Angelika Schorer: Ein großes Problem ist, dass viele Menschen den Rettungsdienst rufen, die eigentlich in eine Arztpraxis müssten. Das führt zu 70 Prozent mehr Fehleinsätzen als noch vor Corona. Die Kassenärztliche Vereinigung muss die Öffnungszeiten in den Bereitschaftspraxen ausweiten – gerade jetzt, wo so viele Arztpraxen durch Corona-bedingte Ausfälle überlastet und urlaubsbedingt geschlossen sind. Es ist viel mehr Aufklärung nötig, dass die 112 wirklich nur für Notfälle gedacht ist. Die 116 117 ist für alle anderen Fälle – und offenbar noch nicht bekannt genug.
Fühlen sich viele BRK-Kräfte von der Politik alleingelassen?

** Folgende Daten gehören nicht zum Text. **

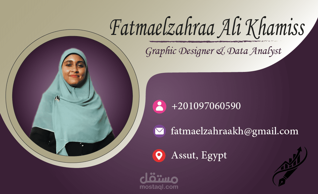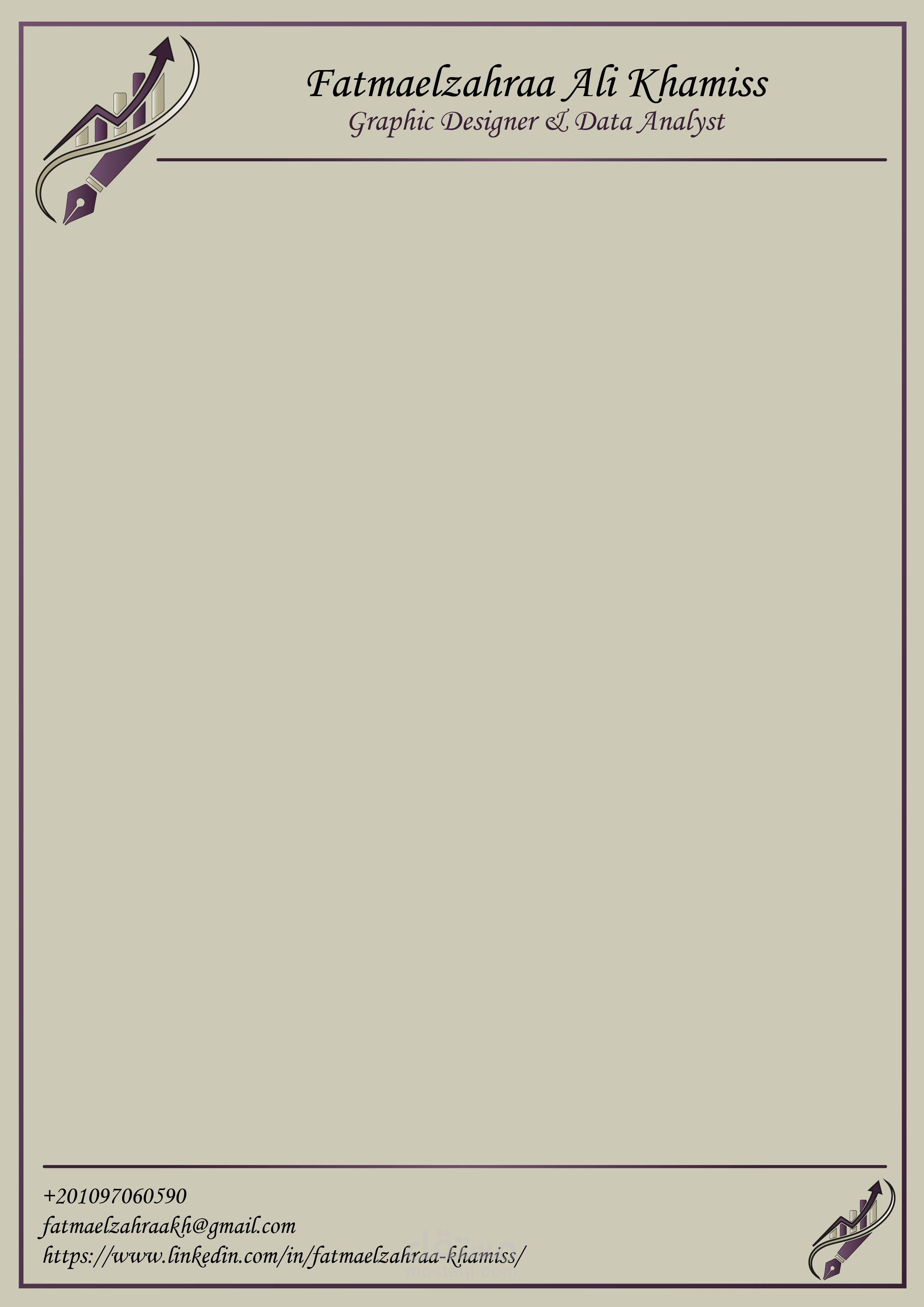 قمت بتصميم هوية بصرية لي باستخدام برنامج الستريتور وفوتوشوب عناصر الهوية الاساسية التي عملت علها هي اللوجو والكارت الشخصي وتصميم يناسب ان يكون غلاف نوتبوك وورقة مراسلات رسمية

Angelika Schorer: Sie wünschen sich mehr Rückhalt. Und natürlich mehr Anerkennung. Das höre ich immer wieder. Dabei geht es nicht nur um eine bessere Bezahlung. Die Arbeitsbedingungen müssen sich endlich verbessern. Bonuszahlungen und steuerliche Vergünstigungen helfen nicht mehr, wenn alle wochenlang an ihrer Belastungsgrenze arbeiten müssen. Es zermürbt viele Pflegekräfte, dass freie Betten aus Personalnot nicht belegt werden können. Viele wünschen sich mehr Handlungskompetenzen und weniger Bürokratie.